WORK TO BE COMPLETED:
A faithful copy of the data, pictures omitted, is the required answer.

====== SUPPLIED MATERIAL ======

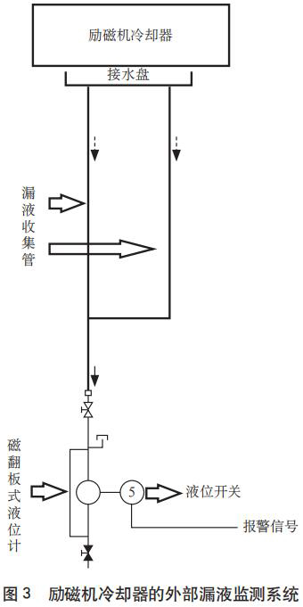 實(shí)際運(yùn)行經(jīng)驗(yàn)表明,防凍液位計(jì)內(nèi)部銅管發(fā)生泄漏的概率較低,但一旦發(fā)生泄漏,漏液會(huì)隨著冷卻空氣沿閉合風(fēng)路進(jìn)入勵(lì)磁機(jī)內(nèi)部,造成勵(lì)磁機(jī)短路損壞的嚴(yán)重后果。為了保證機(jī)組安全,應(yīng)有冷卻器內(nèi)部銅管泄漏監(jiān)測裝置,然而現(xiàn)場沒有配置此類裝置。
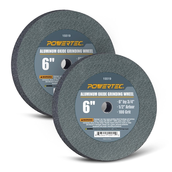 Introducing Aluminum Oxide Grinding Wheel 100 Grit, 6 in. x 3/4 in. with 1/2 in. Arbor by POWERTEC. This grinding wheel disc specifically designed to work with most 6-inch bench grinder machines. This cost-effective tool provides clean, potent edges and surfaces, and is ideal for tool grinding, smoothing blades and metal working. High Performance, High Strength and High Precision Grinding These wheels are virtually chemical resistant and not affected by water, oils, or acids. In addition, they possess a low impact resistant and high wear rate. This abrasive wheel is fast, impressively sharp, and burr-free making it perfect for: Grinding Sharpening Stock Removal Blending Rust Removal Finishing We in.ve paired the aluminum oxide abrasive with a fine 100 grit, allowing this grinding wheel to produce heavy cuts and offer rapid stock removal. This impressive combination offers a high purity profile, making this item perfectly suited to work with carbon steel and tool steel NOT including tungsten carbide, cemented carbide and ceramic tool. Size Specifications and Material Details Abrasive Wheel Diameter: 6 Inches Thickness: 3/4 Inches Arbor Hole Size: 1/2 Inch Abrasive Grit: 100 Abrasive Grade: fine Maximum RPM: 4140
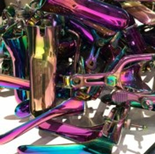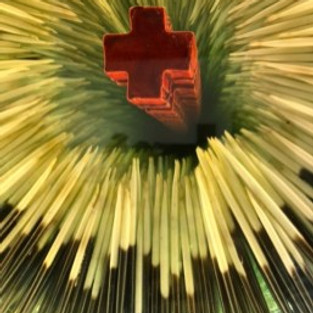 Holly Ballard Martz’ In Utero (Study for Installation) gives us a steel wire and wire coat-hangar wall sculpture that is both graceful and painful to comprehend. Rainbow coated speculums dazzle into a dimensional sculpture by Zoe Buckman in Rainbow Speculums. Two absolutely stunning mirror wall sculptures by Tim Tate may be among the most fascinating works in the show – The Moment uses mirror, LEDS, ceramic, and porcupine quills to shape a dimensional work that seems to go on forever, paired with the mirrored, dimensional We Rose Up. Both pieces feature a red cross at center, and both refer to the quest for decent healthcare in the U.S. Christine Won Yap’s Forward is one of the most hopeful works in the show, wood type on ribbon, linen, and thread, the piece reads “Forward out of Darkness Leave behind the night, forward out of error, forward into light.”
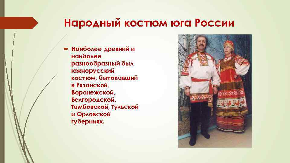 Народный костюм юга России Наиболее древний и наиболее разнообразный был южнорусский костюм, бытовавший в Рязанской, Воронежской, Белгородской, Тамбовской, Тульской и Орловской губерниях.

======

OUTPUT FOR THIS TASK:
 實(shí)際運(yùn)行經(jīng)驗(yàn)表明,防凍液位計(jì)內(nèi)部銅管發(fā)生泄漏的概率較低,但一旦發(fā)生泄漏,漏液會(huì)隨著冷卻空氣沿閉合風(fēng)路進(jìn)入勵(lì)磁機(jī)內(nèi)部,造成勵(lì)磁機(jī)短路損壞的嚴(yán)重后果。為了保證機(jī)組安全,應(yīng)有冷卻器內(nèi)部銅管泄漏監(jiān)測裝置,然而現(xiàn)場沒有配置此類裝置。
 Introducing Aluminum Oxide Grinding Wheel 100 Grit, 6 in. x 3/4 in. with 1/2 in. Arbor by POWERTEC. This grinding wheel disc specifically designed to work with most 6-inch bench grinder machines. This cost-effective tool provides clean, potent edges and surfaces, and is ideal for tool grinding, smoothing blades and metal working. High Performance, High Strength and High Precision Grinding These wheels are virtually chemical resistant and not affected by water, oils, or acids. In addition, they possess a low impact resistant and high wear rate. This abrasive wheel is fast, impressively sharp, and burr-free making it perfect for: Grinding Sharpening Stock Removal Blending Rust Removal Finishing We in.ve paired the aluminum oxide abrasive with a fine 100 grit, allowing this grinding wheel to produce heavy cuts and offer rapid stock removal. This impressive combination offers a high purity profile, making this item perfectly suited to work with carbon steel and tool steel NOT including tungsten carbide, cemented carbide and ceramic tool. Size Specifications and Material Details Abrasive Wheel Diameter: 6 Inches Thickness: 3/4 Inches Arbor Hole Size: 1/2 Inch Abrasive Grit: 100 Abrasive Grade: fine Maximum RPM: 4140
 Holly Ballard Martz’ In Utero (Study for Installation) gives us a steel wire and wire coat-hangar wall sculpture that is both graceful and painful to comprehend. Rainbow coated speculums dazzle into a dimensional sculpture by Zoe Buckman in Rainbow Speculums. Two absolutely stunning mirror wall sculptures by Tim Tate may be among the most fascinating works in the show – The Moment uses mirror, LEDS, ceramic, and porcupine quills to shape a dimensional work that seems to go on forever, paired with the mirrored, dimensional We Rose Up. Both pieces feature a red cross at center, and both refer to the quest for decent healthcare in the U.S. Christine Won Yap’s Forward is one of the most hopeful works in the show, wood type on ribbon, linen, and thread, the piece reads “Forward out of Darkness Leave behind the night, forward out of error, forward into light.”
 Народный костюм юга России Наиболее древний и наиболее разнообразный был южнорусский костюм, бытовавший в Рязанской, Воронежской, Белгородской, Тамбовской, Тульской и Орловской губерниях.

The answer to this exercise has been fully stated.